To assess dynamic [Ca²⁺]i changes in individual NK cells, the Ca²⁺-sensitive fluorophore fura-2 AM (Molecular Probes) was used. NK cells were allowed to adhere to 25-mm² glass slides and were placed on the stage of an inverted microscope (Nikon Diaphot; Melville, NY). Cells were loaded with 10 nM fura-2 AM and 2.5 μg/mL pluronic acid (Molecular Probes) for 20 minutes, followed by 20 minutes in a Ca²⁺-containing solution to allow for de-esterification before the experiment. Following this, K562 cells were added and ratiometric imaging was performed with the excitation wavelengths of 340 nm and 380 nm and an emission wavelength of 510 nm. Images were acquired with an intensified charge-coupled device camera (Photonic Science, Robertsbridge, United Kingdom) with Nikon CGI Super Fluor Series optics (40×/1.3 NA objective lens at 400× magnification) and using Metafluor image capture and analysis software (Fryer, Bloomington, MN). Ca²⁺ calibration was achieved by measuring a maximum (with 1 mM ionomycin) and a minimum (with 10 mM EGTA). Intracellular free Ca²⁺ was calculated assuming a dissociation constant of 220.¹⁹  For each experiment 10 to 20 cells were visualized and ratiometric data were acquired from individual cells.

Cell lysates (50 μg) were prepared from NK cells after culture for 7 days using freshly made lysis buffer (10 mM Tris-HCl [pH = 8], 150 mM NaCl, 1 mM EDTA, 1% NP-40, 0.5% deoxycholate, 0.1% SDS, protease inhibitor cocktail [complete protease inhibitor, Roche, Indianapolis, IN]) and PMSF. Samples were separated on a 4% to 15% gradient polyacrylamide gel and transferred to a PVDF membrane. Membranes were blocked with 5% nonfat milk. One portion of the membrane was probed with an NFAT-1 antibody (BD Biosciences) while the other portion was probed with an antibody against actin (Santa Cruz Biotechnology, Santa Cruz, CA). Both were probed with a species-specific secondary HRP-conjugated antibody and developed using chemiluminescence (ECL; Amersham, Piscataway, NJ).

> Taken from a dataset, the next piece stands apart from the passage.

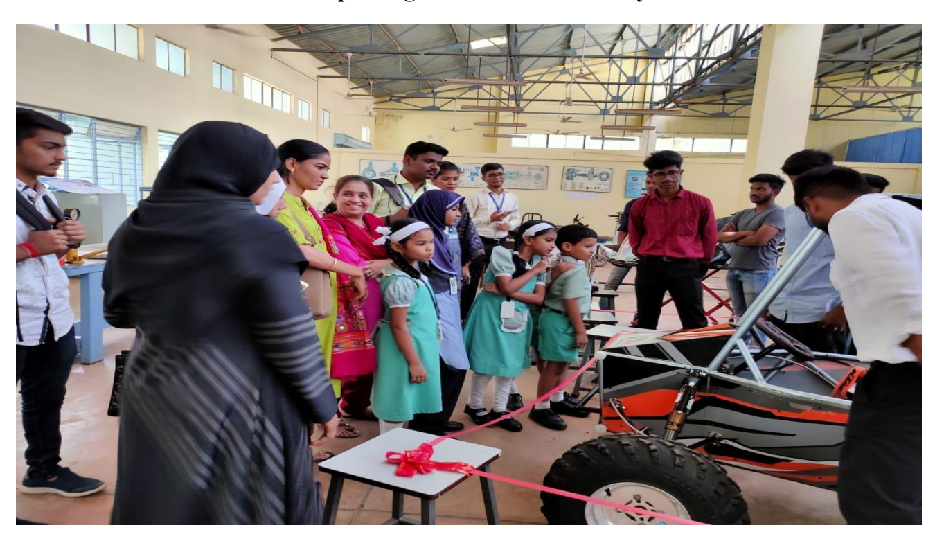
School students visit to Mechotsav & Autotech 2k20

At day + 7, NK cells were washed and cocultured with K562 cells (1:1 ratio) for 10 minutes, then fixed with 4% paraformaldehyde and permeabilized using an equal volume of 0.1% Triton X-100. Cells were then stained with 1 μg NFAT-1-specific antibody, followed by secondary staining with goat antimouse IgG. Thereafter, cells were blocked with mouse Ig for 30 minutes and stained with CD56 and glycophorin A for 30 minutes. Cells were washed and resuspended in PBS and 5 μL 7-AAD (0.5 mg/mL) was added. Analysis was performed using an ImageStream 100 (Amnis, Seattle, WA) and approximately 5000 events/sample were acquired. Nuclear focus versus intensity was used to examine only cells in focus. DNA content was used to identify single cells, eliminating conjugates and debris. Next, cells were gated on CD56 and then NFAT translocation was evaluated using a similarity score for 7-AAD versus NFAT (a monotonic function of Pearson correlation coefficient between the pixel values of 2 image pairs, described in Arechiga et al²⁰ ). In total, data were analyzed on approximately 2500 events per sample (∼ 50% of the collected sample).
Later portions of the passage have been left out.